Variance decomposition
Variance decomposition for each political-attitude scale revealed substantial parental contributions of both genetics and the shared environment to the political attitudes of their offspring. The relative contributions of genes and shared environment conferred by the parents can be seen in Figure 3. Although maternal and paternal effects were modeled separately, their contributions did not differ significantly for any offspring outcome phenotype. Relative to genetic effects, the strongest parental-socialization effects were seen for political orientation, the political-attitude composite, and egalitarianism. The short-form measure of general intelligence, for which genetic effects contribute the lion’s share of parent–offspring resemblance, again provides a useful demonstration that parental-socialization effects for political phenotypes are unlikely to be an artifact of the sample. Variance-component estimates for each phenotype are shown in Table 4.
Table 4.
Variable | Genetic
(A): heritability (h2) |
Shared environment (C) | Nonshared environment (E) |
||
---|---|---|---|---|---|
Parental environment |
Sibling environment |
Gene–environment covariance |
|||
Political orientation | .10 [.01, .20] | .14 [.09, .20] | .03 [.00, .11] | .10 [.01, .17] | .63 [.57, .69] |
Egalitarianism | .11 [.00, .21] | .16 [.10, .24] | .03 [.00, .11] | .12 [.00, .19] | .59 [.52, .66] |
Authoritarianism | .21 [.10, .32] | .07 [.04, .11] | .00 [.00, .04] | .13 [.07, .17] | .59 [.53, .65] |
Economic liberalism | .16 [.05, .27] | .10 [.06, .16] | .00 [.00, .06] | .13 [.05, .18] | .61 [.55, .67] |
Social liberalism | .23 [.15, .31] | .13 [.09, .18] | .01 [.00, .08] | .23 [.17, .27] | .40 [.33, .47] |
Retribution | .07 [.00, .22] | .05 [.02, .08] | .00 [.00, .02] | .03 [.00, .07] | .85 [.80, .89] |
Religiousness | .22 [.11, .33] | .12 [.07, .17] | .05 [.00, .13] | .20 [.13, .25] | .41 [.34, .49] |
Political-attitude composite | .15 [.07, .23] | .18 [.13, .26] | .00 [.00, .03] | .21 [.12, .26] | .46 [.40, .52] |
ICAR-16 | .42 [.22, .62] | .01 [.00, .03] | .04 [.00, .14] | .03 [.00, .07] | .51 [.45, .58] |
Note: For each scale, we computed 95% confidence intervals (CIs; shown in brackets) over each parameter’s 200 bootstrap iterations and fixed the lower bounds of CIs at 0. Nonshared environment was computed by subtracting the heritability, parental environment, sibling environment, and gene–environment covariance from 1. For full parameter estimates, see Table S16 in the Supplemental Material. Row values add up to 1 (total phenotypic variance). Estimates with 95% CIs that do not include zero are shown in boldface. ICAR-16 = 16-item short form of the International Cognitive Ability Resource.
Strong spousal correlations were observed for all attitude scales (see Table S14 in the Supplemental Material for 95% CIs), consistent with previous research on assortative mating for social attitudes and the related Big Five personality factor of Openness (Eaves et al., 1999; Federico, in press; McCrae et al., 2008). We found spousal similarity to be most pronounced for the political-attitude composite score (r = .82), but r was well above .50 for all scales apart from retribution (r = .30).

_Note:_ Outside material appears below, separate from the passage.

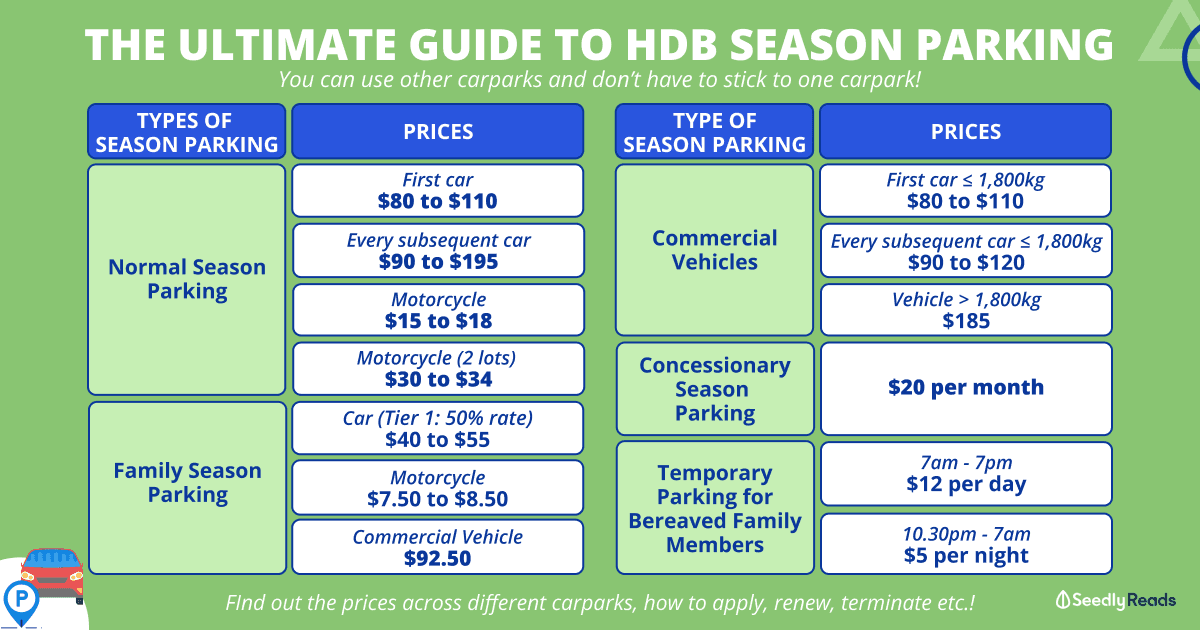 TL;DR: Types of HDB Season Parking, Parking Rates, How to Apply, Check Validity, Renew & Transfer Season Parking
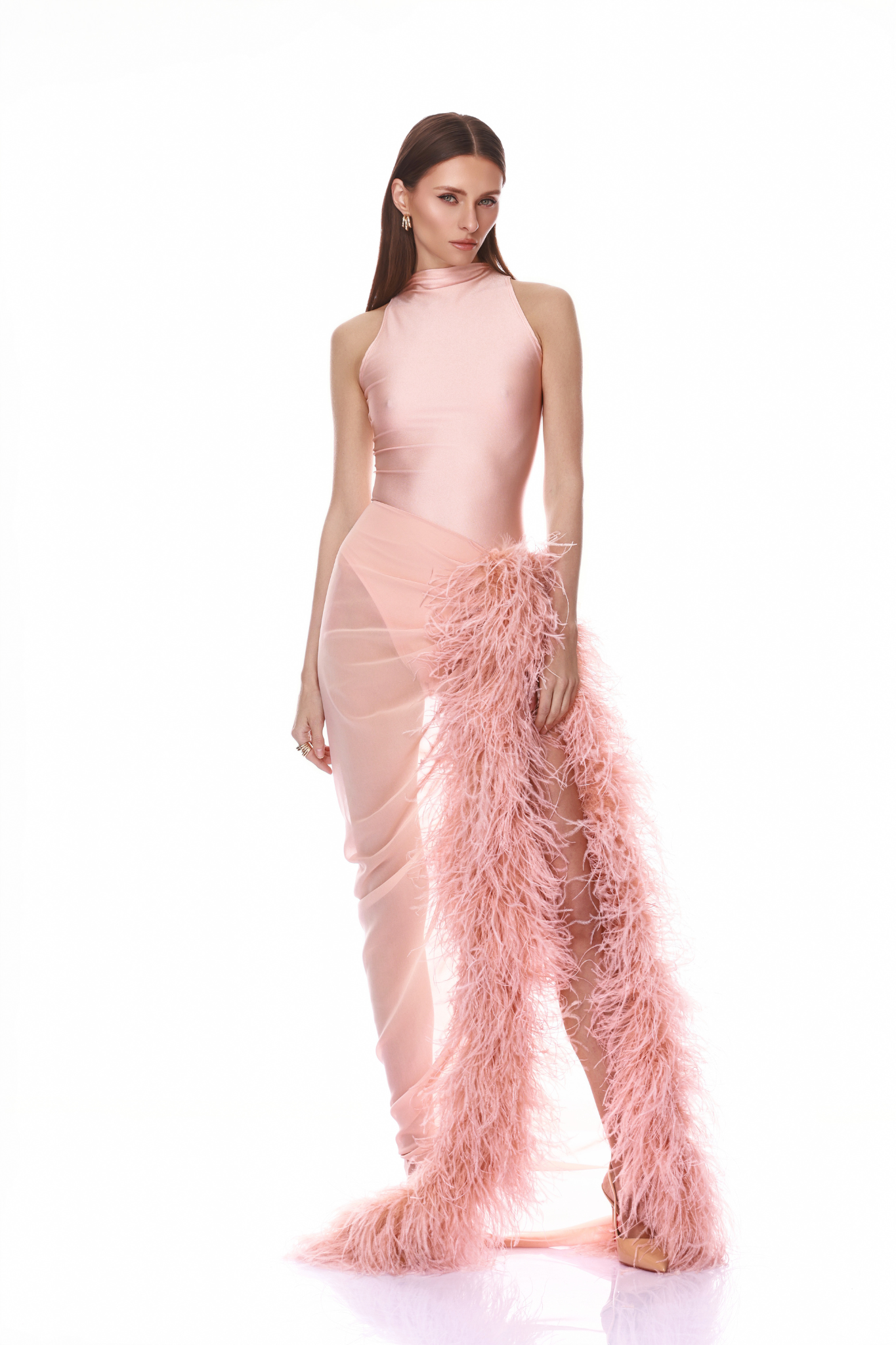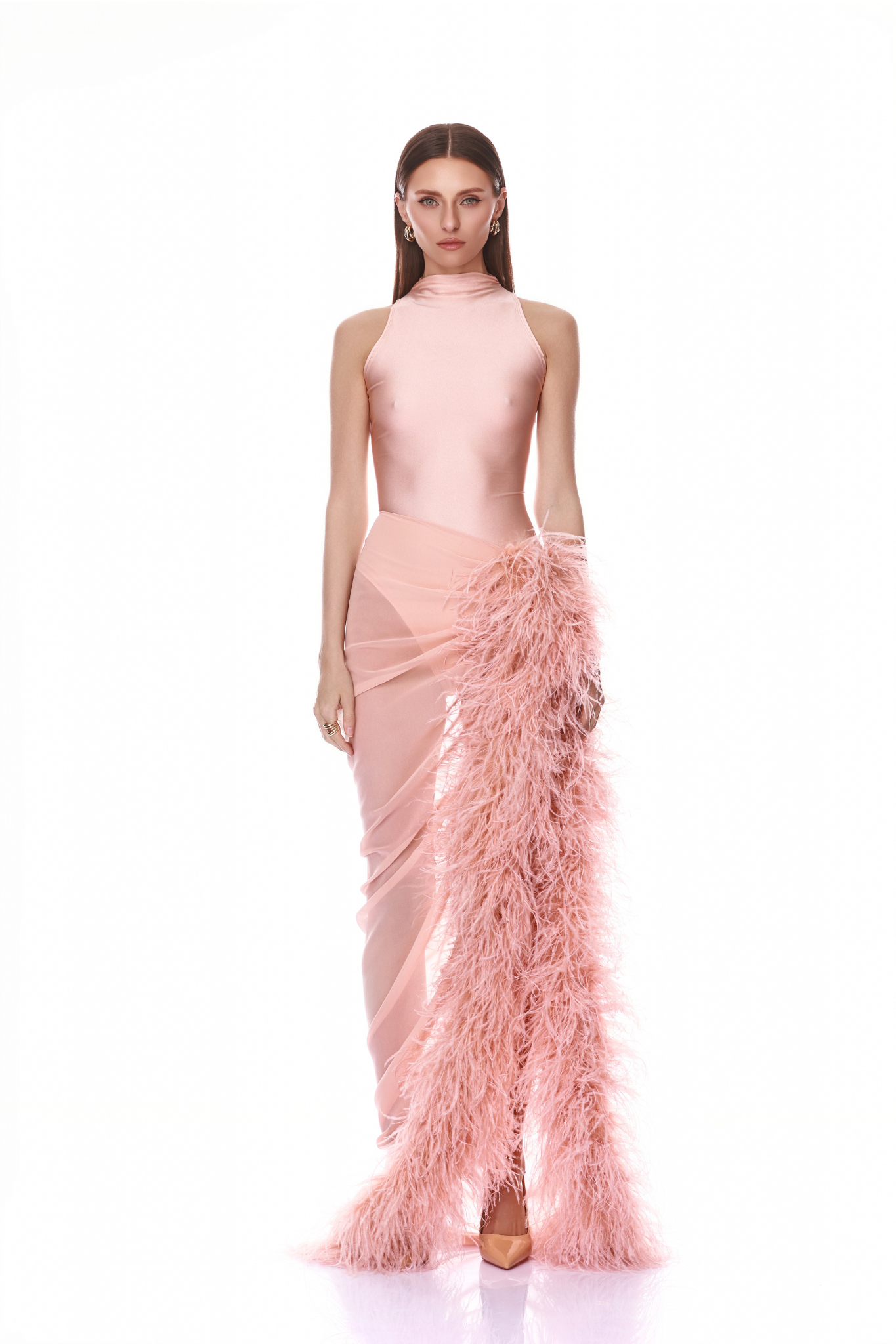 Complete your look with the Gaia Blush Mesh Bodysuit — a chic, sophisticated pairing to the Elle Blush Skirt.

Covariance between the latent (unmeasured) additive genetic and family-environment factors, labeled with parameter w in Figure 2, gives rise to gene–environment correlation, a phenomenon in which an individual’s genotype correlates with an environment that fosters the development of a phenotype over time (Plomin et al., 1977). In children, this often manifests passively and through the parents. For example, religious parents may transmit to their children both a genetic propensity for religiousness and access to religious experiences, such as going to church, which in turn deepen the child’s religiosity over time. Evidence for correlation between genes and the family environment in our sample is substantial, particularly for religiousness, social liberalism, egalitarianism, and the political-attitude composite. The relative contribution of gene–environment covariance to trait variance is shown in Table 4. Because this component represents the covariance shared by genes and the common family environment, it can be interpreted as contributing to the shared environmental effect; that is, the genetic correlation would not have occurred if not for the shared rearing environment of the household.
Discussion
Although the social and political sciences have begun to accept that many aspects of personality and social attitudes are influenced by our genes, the question of whether and to what extent parents are responsible for politically socializing their children has remained an open question. In a unique cohort of adult adoptive and biological families, we found evidence that the significant and persistent association between the political and social attitudes of parents and their adult offspring is explained by both the genes and the home environments that parents have conferred on their children. Variance decomposition across seven political-attitude phenotypes and a political-attitude composite reveals that this environmental effect does indeed come almost entirely from the influence of the parents rather than from an individual’s siblings and that gene–environment correlation over time contributes to the development of these traits in adulthood.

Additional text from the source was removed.